# PSE Bow - Factory Specs??



## NCAVI8TOR (Oct 5, 2003)

A friend just gave me his PSE Thunderbolt to restring and tune-up for the upcoming deer season. The serial # is: 0510384.

Can someone tell me the year model, and give me the factory specs, ATA/BH, including string and cable lengths for this bow? The sticker says string 94.50 and cable 2930. I measured the cable and it is a LOT longer than 29.30, more like 34.50 including the static yoke. The length on the sticker does include the yoke, right?? 

The cam says "PSE LMR" on the bottom. It has 3 string slots: A , B, and C.
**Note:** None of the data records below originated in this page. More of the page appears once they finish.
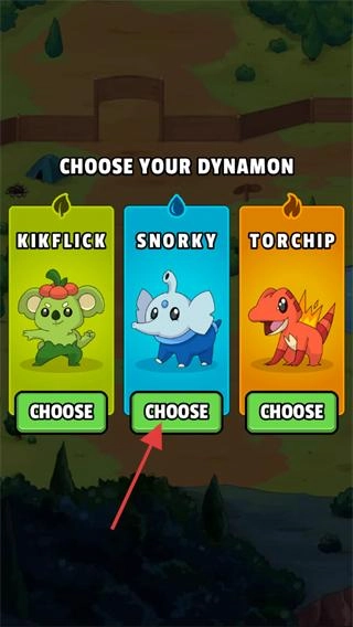 在【CHOOSE-YOUR-DYNAMON】界面,点击【SNORKY】对应的【CHOOSE】按钮,即可选定初始伙伴。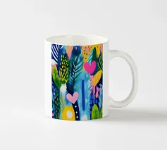 Un patchwork allegro e commovente di piante stilizzate, motivi vivaci e un grande cuore affettuoso. Questa opera d'arte eclettica è una gioiosa celebrazione dell'amore, della crescita e della bellezza artigianale.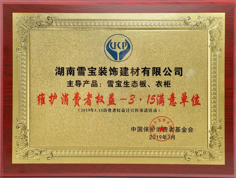 - 生態(tài)板十大名牌雪寶榮獲2019維護(hù)消費(fèi)者權(quán)益-3.15滿意品牌稱號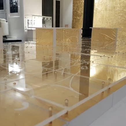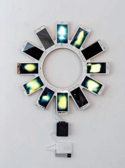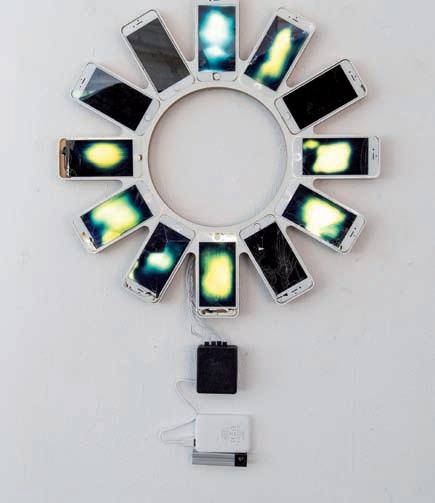 © Friedrich Boell: »Ladebalken I«, 2022, iPhone-Bildschirme, MDF, Leiterplatte und Mikrocontroller. Foto: © Thomas Lambertz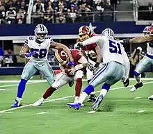 In week 4 against the New Orleans Saints, Quinn sacked Teddy Bridgewater twice in the 12-10 loss.[55] In week 6 against the New York Jets, Quinn sacked Sam Darnold twice in the 24-22 loss.[56] In week 7 against the Philadelphia Eagles, Quinn recorded a sack on Carson Wentz before leaving the game with a rib injury. Without Quinn, the Cowboys won 37-10.[57] He finished the season with 25 tackles, 11.5 sacks (led the team), 37 quarterback pressures, three passes defensed and two forced fumbles.[58][59]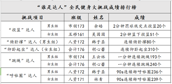 挥洒运动汗水 绽放青春风采——学校举办第三届“谁是达人”全民健身大挑战活动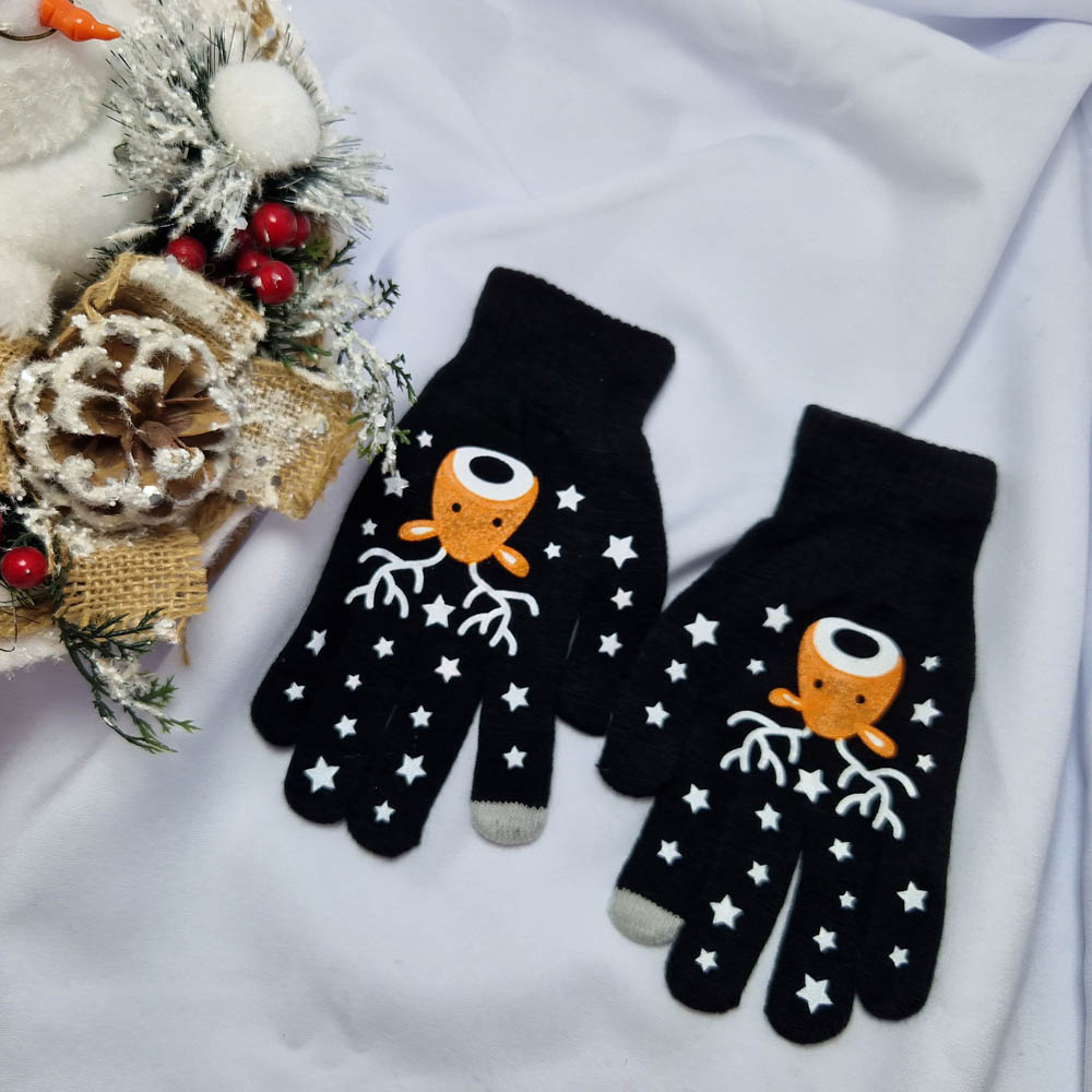 Mikulásos-Karácsonyi 5 ujjas kesztyű érintő képernyőkhöz fekete-rénszarvas mintás.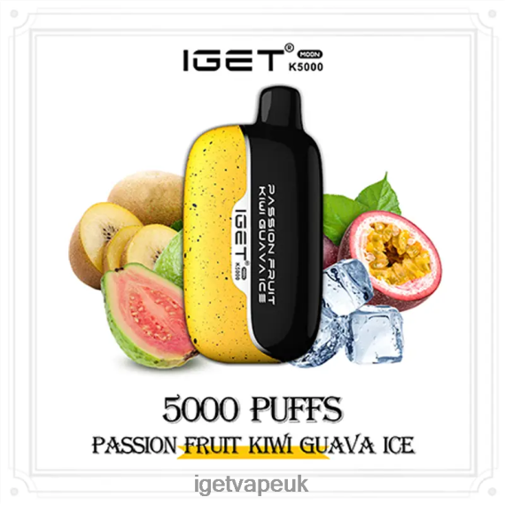 IGET Moon Passion Fruit Kiwi Guava Ice is fresh and spirited, catering to smokers looking for a cool and tasty experience.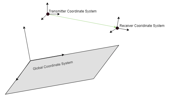 На этом изображении показана ориентация электромагнитных полей в глобальной системе координат (ГСК) и локальных системах координат передатчика и приемника.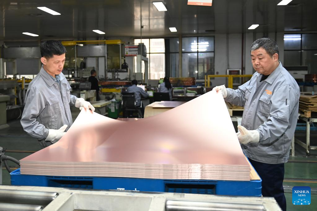 Workers work at a copper clad plate workshop of Wazam New Materials in Hangzhou, east China's Zhejiang Province, March 23, 2023. (Xinhua/Huang Zongzhi)

Also, what is the correct cam orientation?

Thanks,
NC:cocktail:


----------



## BROX (Sep 29, 2005)

NCAVI8TOR said:


> A friend just gave me his PSE Thunderbolt to restring and tune-up for the upcoming deer season. The serial # is: 0510384.
> 
> Can someone tell me the year model, and give me the factory specs, ATA/BH, including string and cable lengths for this bow? The sticker says string 94.50 and cable 2930. I measured the cable and it is a LOT longer than 29.30, more like 34.50 including the static yoke. The length on the sticker does include the yoke, right??
> 
> ...


You would probably be better off asking this on the PSE forum.Vaughn or Diane would be able to answer it.......


----------



## MNmike (Dec 27, 2003)

*PSE forum*

The cable Tune number in no way will reflect the actual measurement. The cable tune number needs to be looked up. Diane at PSE can get it for you.


----------



## NCAVI8TOR (Oct 5, 2003)

Thanks, I will call them tomorrow.

NC


----------



## IroquoisArcher (Jun 16, 2003)

NCAVI8TOR said:


> A friend just gave me his PSE Thunderbolt to restring and tune-up for the upcoming deer season. The serial # is: 0510384.
> 
> Can someone tell me the year model, and give me the factory specs, ATA/BH, including string and cable lengths for this bow? The sticker says string 94.50 and cable 2930. I measured the cable and it is a LOT longer than 29.30, more like 34.50 including the static yoke. The length on the sticker does include the yoke, right??
> 
> ...


A 2930 cable tune number is 38 1/2", this is the total length including the yoke. Also PSE has a forum at http://forums.pse-archery.com/


----------



## thunderbolt (Oct 11, 2002)

Iriquois archer has got it! 38 and 1/2 for the cable length.


----------